Raymond is a proud first-generation college graduate and received his PhD from the University of Colorado in 2015. Raymond has an active research agenda focused on Indigenous politics in the U.S. and Latin America. His work, which has been published in Social Science Quarterly, Perspectives on Politics and Political Research Quarterly, has focused on issues of Indigenous representation, participation and economic development. In 2020, he received an APSA Indigenous Politics Diversity and Inclusion Research Advancement Award.


Statement of views: I am extremely honored to be nominated to serve on the APSA Council. If elected to serve on the APSA Council, I would continue to champion ways to make the discipline more inclusive – for scholars and for consumers of our research. I would also contribute to ongoing diversity, equity and inclusion efforts of APSA, with a focus on providing a welcoming environment for diverse voices and scholarship to be heard in our field. Finally, I would actively work to promote more community-engaged scholarships in the field.

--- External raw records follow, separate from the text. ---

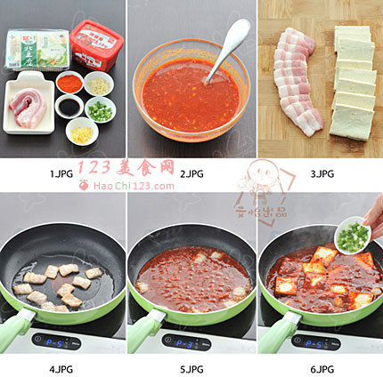 2、豆腐切成4cm长,2cm宽,1cm厚的片,五花肉洗净,切成3cm长,2cm宽,0.5cm厚的片,备用。
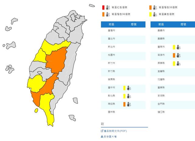 五月的第二個禮拜天,也就是母親節,氣象局觀測指出,今天白天台灣各地及澎湖大多為多雲到晴,高溫炎熱。最高溫上看36度,若要出門踏青記得留意防曬以及水份補充。到了午後,北部、東半部地區及中南部山區可能會有局部短暫雷陣雨,外出也別忘了攜帶雨具。北部約24到36度、中部24到37度、南部23到37度、東部23到35度。 天氣炎熱,氣象局今日稍早也針對六個現是發布高溫警示資訊,中午前後南投縣、高雄市近山區或河谷為橙色燈號,有連續出現36度高溫的機率,請加強注意。台中市、彰化縣、台南市、屏東縣近山區或河谷為黃色燈號。氣象局提醒民眾避免非必要的戶外活動,注意防曬、多、慎防熱傷害。
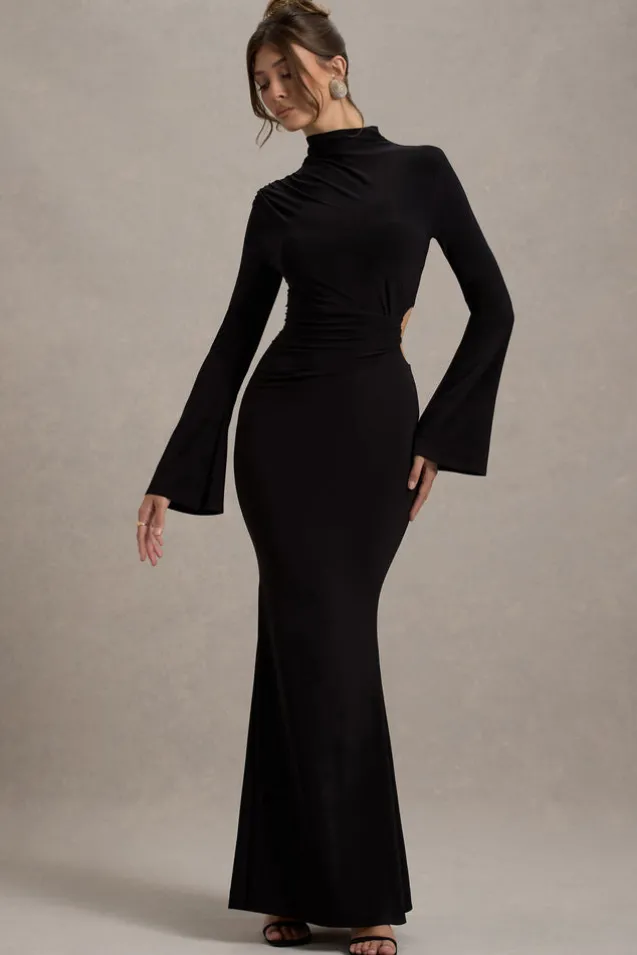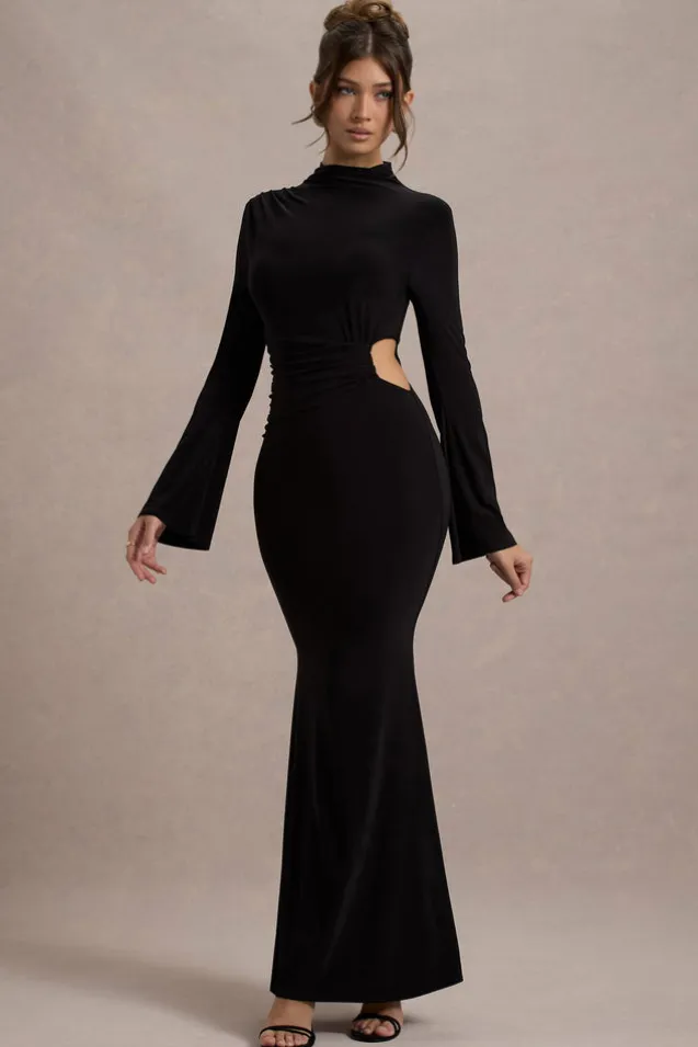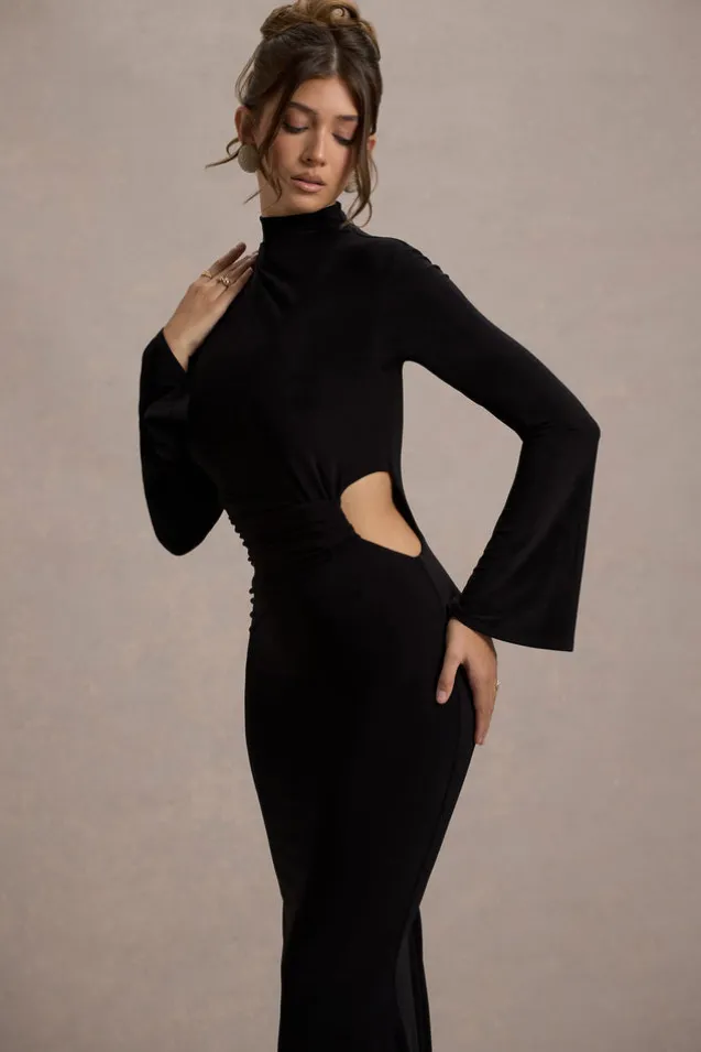 Anderson | Black High-Neck Cut-Out Maxi Dress
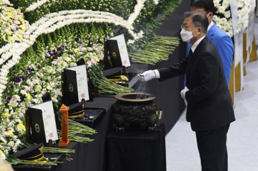 이날 오전 영결식이 열린 평택 이충문화체육센터를 찾은 문 대통령은 순직 소방관들의 넋을 기렸다. 언론에 미리 공지되지 않은 일정이었다. 갑작스러운 참석 결정 탓에 대통령의 조사(弔辭)도, 별도의 소개도 없었다. 문 대통령은 행사 때마다 앉는 가장 첫줄 가운데가 아니라 뒷줄에 앉았다.
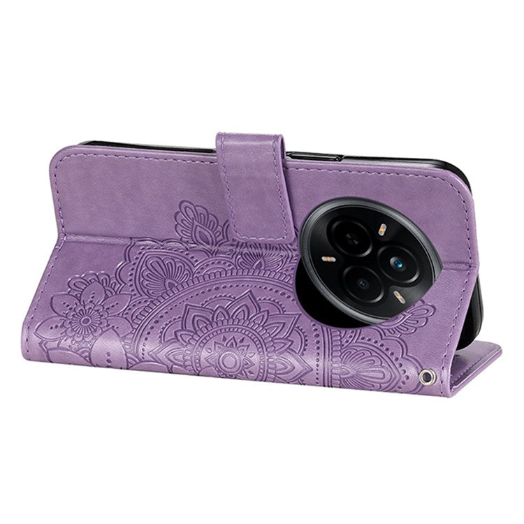 For Realme 14 Pro 5G Case Floral Pattern PU Leather Wallet Stand Phone Cover - Purple
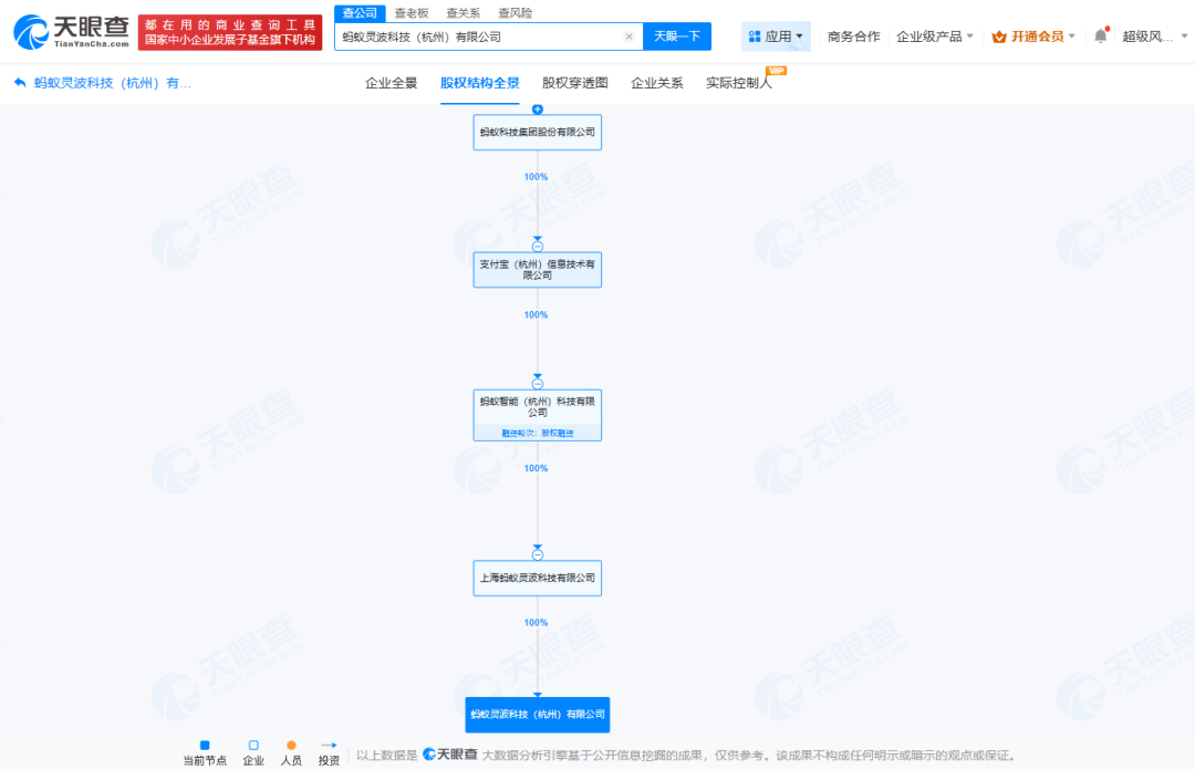 此前4月,一家名为广州灵知智慧科技有限公司的企业已先行成立,法定代表人同样为张俊杰,注册资本为1亿元,经营范围含广告发布、信息技术咨询服务、大数据服务、信息系统运行维护服务、信息系统集成服务、网络技术服务等。股权全景穿透图显示,该公司由上海云鑫创业投资有限公司全资持股,后者为蚂蚁科技集团全资子公司。

I have worked with APSA representatives and other scholars to identify barriers to recruitment of Indigenous scholars in the field of political science. As a member of the APSA Council, I would continue to champion this work, with a goal of making our disciple more diverse, equitable and inclusive. Secondly, training as a political scientist and work experience in non-profits and policy has equipped me with skills and tools to be a valuable research partner with communities, tackling real-world issues that impact the lives of average citizens. As an APSA Council member, I would continue to advocate for ways that political scientists can use their skills and training to solve real-world problems that are important to communities across the globe.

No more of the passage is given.